Assignment 2

Dates and rules.

Please read the following guidelines carefully:

  • You can do this assigment in groups of 2.
  • The assignment must be submitted as a .zip file, compressed in zip format, and sent as an attachment by email to a.lamurias@fct.unl.pt from the official FCT email address of one of the group members with "TIAB TP2" as the title. Please do not use other compression methods or other email addresses.
  • The file name should be the following: X_Y.zip where X and Y are the student number of the group members, or X.zip if it is only one student.
  • The archive must be compressed in zip format and must contain the following:

    • TP2.txt: the questions file with your answers filled in.
    • tp2.py: the script to analyze the documents and obtain your results. Note you can also send a python notebook file.
    • Any additional .py modules that you created to write your code, if you wish to split it into different modules
    • Any .png and .html files you may wish to include as reports on your results.
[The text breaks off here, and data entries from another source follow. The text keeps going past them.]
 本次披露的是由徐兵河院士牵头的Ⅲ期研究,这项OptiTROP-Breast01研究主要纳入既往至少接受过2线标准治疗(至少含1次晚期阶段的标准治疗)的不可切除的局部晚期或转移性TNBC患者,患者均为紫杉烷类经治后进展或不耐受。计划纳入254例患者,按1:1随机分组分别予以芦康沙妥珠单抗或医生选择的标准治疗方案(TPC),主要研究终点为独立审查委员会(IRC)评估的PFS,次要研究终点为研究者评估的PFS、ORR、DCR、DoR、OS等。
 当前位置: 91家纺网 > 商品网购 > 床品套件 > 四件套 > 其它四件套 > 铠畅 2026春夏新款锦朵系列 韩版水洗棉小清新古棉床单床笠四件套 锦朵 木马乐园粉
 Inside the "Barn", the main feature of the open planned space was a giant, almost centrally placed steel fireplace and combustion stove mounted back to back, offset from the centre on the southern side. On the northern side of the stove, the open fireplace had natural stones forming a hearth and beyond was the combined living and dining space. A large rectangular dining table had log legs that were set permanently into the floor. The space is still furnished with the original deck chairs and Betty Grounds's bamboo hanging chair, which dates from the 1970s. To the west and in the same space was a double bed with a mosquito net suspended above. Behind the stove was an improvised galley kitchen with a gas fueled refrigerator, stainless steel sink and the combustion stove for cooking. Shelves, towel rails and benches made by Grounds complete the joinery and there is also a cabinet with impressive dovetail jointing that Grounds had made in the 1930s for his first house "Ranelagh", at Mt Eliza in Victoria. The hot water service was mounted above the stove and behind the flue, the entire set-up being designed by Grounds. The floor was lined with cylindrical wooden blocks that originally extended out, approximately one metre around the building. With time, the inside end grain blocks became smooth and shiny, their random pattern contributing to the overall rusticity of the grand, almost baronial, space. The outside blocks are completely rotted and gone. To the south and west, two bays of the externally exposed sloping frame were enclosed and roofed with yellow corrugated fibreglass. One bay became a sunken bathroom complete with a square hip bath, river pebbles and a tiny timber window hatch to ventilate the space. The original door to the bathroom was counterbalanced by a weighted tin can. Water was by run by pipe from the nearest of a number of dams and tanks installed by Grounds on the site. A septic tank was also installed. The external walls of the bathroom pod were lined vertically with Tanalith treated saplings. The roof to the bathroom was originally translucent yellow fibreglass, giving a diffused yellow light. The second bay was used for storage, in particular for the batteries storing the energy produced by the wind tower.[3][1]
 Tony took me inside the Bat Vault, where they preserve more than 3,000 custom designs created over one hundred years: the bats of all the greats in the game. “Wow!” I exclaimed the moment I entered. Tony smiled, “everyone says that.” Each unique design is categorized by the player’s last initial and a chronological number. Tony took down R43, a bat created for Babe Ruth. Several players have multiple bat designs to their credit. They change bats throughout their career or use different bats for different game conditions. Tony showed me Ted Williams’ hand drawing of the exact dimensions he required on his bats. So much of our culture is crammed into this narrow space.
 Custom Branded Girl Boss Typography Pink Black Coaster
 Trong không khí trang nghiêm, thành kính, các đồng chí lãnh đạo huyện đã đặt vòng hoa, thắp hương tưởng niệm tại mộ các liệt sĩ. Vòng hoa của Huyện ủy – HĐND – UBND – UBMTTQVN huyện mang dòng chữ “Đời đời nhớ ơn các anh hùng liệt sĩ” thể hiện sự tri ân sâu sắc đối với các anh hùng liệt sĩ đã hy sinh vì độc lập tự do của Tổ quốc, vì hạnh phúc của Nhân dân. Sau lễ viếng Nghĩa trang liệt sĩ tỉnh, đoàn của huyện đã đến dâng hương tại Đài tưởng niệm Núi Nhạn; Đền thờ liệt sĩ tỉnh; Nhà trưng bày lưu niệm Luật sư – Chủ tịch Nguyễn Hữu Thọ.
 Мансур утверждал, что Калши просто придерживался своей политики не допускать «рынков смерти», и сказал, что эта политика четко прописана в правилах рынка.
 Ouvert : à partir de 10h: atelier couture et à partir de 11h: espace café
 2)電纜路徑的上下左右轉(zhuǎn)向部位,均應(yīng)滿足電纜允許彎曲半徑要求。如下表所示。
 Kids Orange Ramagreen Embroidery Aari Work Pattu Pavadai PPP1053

These should be linked in the questions and answers file TP2.txt (see the instructions in the file)
    • The .txt files you used to obtain your annotations
    • For each student, only the last email sent before the deadline will be counted. So you can change the version of the assignment submitted simply by resending your assignment before the deadline.
    • If, for some reason, you want to withdraw your assignment simply send an email with the word WITHDRAW (in all caps) before the deadline. This is necessary only if you do not want to submit your assignment. It is not necessary to do this if you just want to replace your previous submission with a more recent version.
  • The deadline for submitting assignment 2 is 10th May 23:59. There will be a tolerance period of 48h, ending on 12th May 23:59, but this period should be used only for correcting any problems with the submission.

    Download this zip file: TP2.zip. Extract it to your working folder and do not change the directory structure.
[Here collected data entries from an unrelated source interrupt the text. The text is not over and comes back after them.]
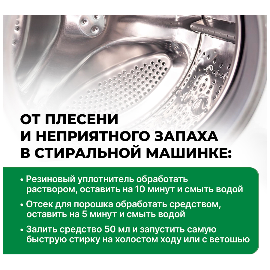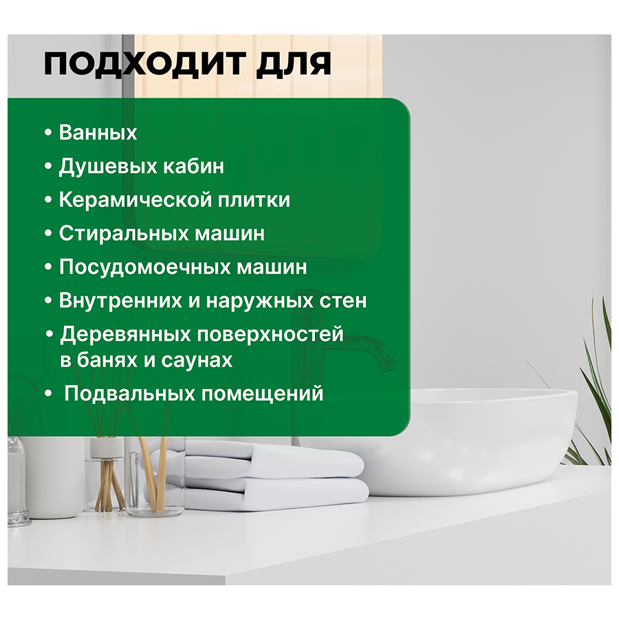 Обладает дезинфицирующим эффектом, блокирует развитие плесени и микроорганизмов, удаляет запахи. Применяется для очистки внутренних и наружных стен зданий, ванных комнат, душевых кабин, эффективно очищает деревянные поверхности в банях и саунах, удаляет плесень и запахи в подвальных помещениях.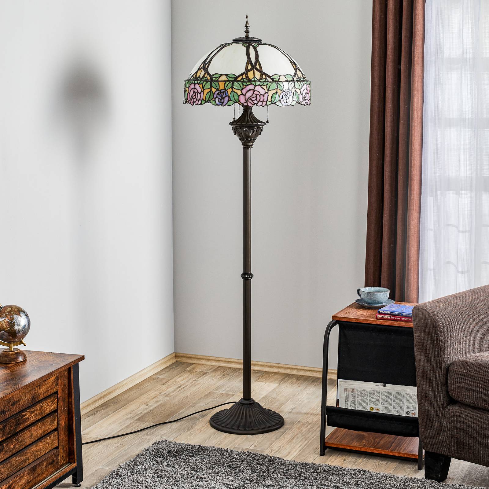 Clayre&Eef Marla – stojací lampa v Tiffany stylu, Obývací pokoj / jídelna, sklo, kov, E27, 60W, K: 183cm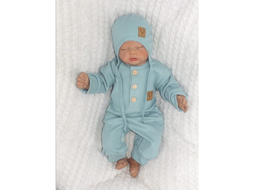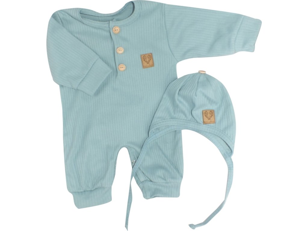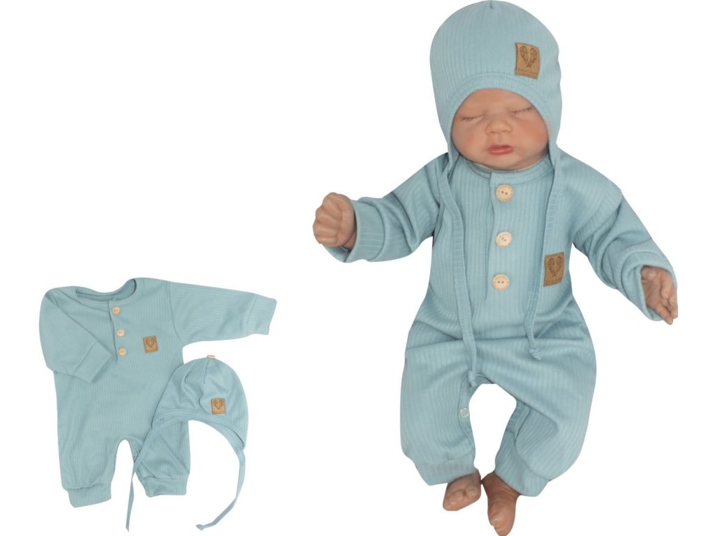 Z&Z 2-dílná soupravička žebrovaný overálek s knoflíčky a čepička, mořská modrá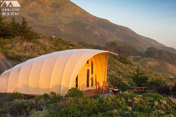 其次是帐篷酒店设计的多样性,它可以因地制宜定制独一无二的款式。于相对空阔的地方可以搭建若干个球形星空帐篷,让喜欢瞭望星空的人选择。依山傍水处可搭建野奢型篷房,让乐山者乐山,乐水者乐水。甚至于山巅悬崖峭壁处还可搭建野奢船形篷房,风清云淡,一览众山小。

    The TP2.zip archive contains the following files:

    TP2.txt
    This is the questions and answers file you must fill out before submitting your assignment.
    tp2.ipynb
    This is the Python 3.x notebook that can be used to run your assignment. It contains the code used in the last tutorial. You can write the necessary code in this file, as well as comments describing what each cell is doing.

Description

The goal of this assignment is extract the entities of a corpus, and analyze them using an ontology, using a pipeline developed in python.

We recommend that you use documents from the CRAFT corpus, although you can also use a set of documents that is relevant to you

Choose 5 to 10 documents to process with your pipeline

In this assignment you will need to complete these tasks:

NER and Entity Linking on full-text scientific papers
Apply the pipeline shown at the end of Lecture 12 to a set of scientific papers, either from the proposed corpus or from some other collection, to extract entities and link them to Gene Ontology terms./dd>
Analyze the results obtained
Calculate the most common entities of each document and over all documents, and how frequency of all entities found in the corpus.
Compare terms in terms of embeddings similarity
Calculate the cosine similarities between the entities identified as use that to analyze the texts. You can compare the average similarity of the entities of all documents and within each document, and look into the most similar entities pairs.
Calculate the semantic similarity between the entities found
Use a semantic similarity measure calculated on the Gene Ontology to compare the same entities, and identify cases where this similarity differs from the cosine similarity.

Instructions

Answer the questions in the txt file, using results obtained with your code. You can use plots and tables to show your results.

You can add html files with tables. Use this website to generate the html code from an excel table, which you can paste into an excel file and mention in the answers file.

In your answers you can link .png and .html files by simply writing the name of the file in a separate line. See the instructions on the TP2.txt file.